Mushrooms are full of vitamins and minerals and also flavor. One portobello mushroom has just as much potassium being a banana; potassium plays a huge role in cardiovascular health insurance and has been shown to help regulate blood pressure level. Mushrooms are also an excellent source of B vitamins like riboflavin and niacin, and they are packed with selenium, a strong antioxidant proven to help in reducing the potential risk of cancer of prostate.
Port wines are a sweet, red dessert wine obtainable in dry and semi-dry varieties. When employed for cooking, it adds a deep, complex flavor, perfectly suitable for finer dining. In this sauce, it's flavor is carried adequately from the mushrooms. This sauce is a wonderful way to show a regular meat and potatoes meal in a romantic dinner, which is guaranteed to impress your friends and relatives if serving a crowd.
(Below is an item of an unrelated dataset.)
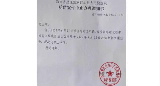 â2025å¹´9æ23æ¥ï¼ææ±å¿æ£å¯é¢åååºäºä¸ä»½ãèµå¿æ¡ä»¶ä¸æ¢åçéç¥ä¹¦ãï¼âå²çè¾è¯´ï¼è¿ä»½éç¥ä¹¦è¯´å¥¹æåºçèµå¿ç³è¯·å¨åçè¿ç¨ä¸ï¼å ææ±å¿å ¬å®å±äº2025å¹´9æ12æ¥å¯¹å¥¹éæ°ç«æ¡ä¾¦æ¥ï¼ç°å³å®ä¸æ¢åçã

Elegant Port Wine Mushroom Sauce
3 tablespoons butter
1/4 cup shallots, chopped fine
1 pound of mushrooms, any variety or a combination, thoroughly cleaned and cut into bite-sized pieces
1 cup port wine, any variety
1 bay leaf (optional)
1/4 cup Dijon mustard
1 14-ounce can beef broth (or vegetable broth, if your lighter flavor is desired)
1 tablespoon cornstarch
2 tablespoons water
1 tablespoon cold butter (optional; use for richer results)
Melt two tablespoons of butter in the large skillet over medium-high heat. Stir inside shallots, and cook until they start to soften. Add the mushrooms and continue cooking until tender. Spoon the mushrooms from the skillet right into a bowl and hang aside.
Pour the port into the skillet, add the bay leaf if desired, and produce with a boil over high heat. Boil for six or seven minutes, or prior to the port starts to reduce and take on a syrup-like quality. Whisk inside mustard and broth. Dissolve the cornstarch to the water, and whisk them in to the boiling sauce. Stir prior to the sauce thickens. Remove the skillet from your heat and whisk inside the remaining 1 tablespoon butter, if desired, until it melts in to the sauce. Stir the cooked mushrooms back to the sauce.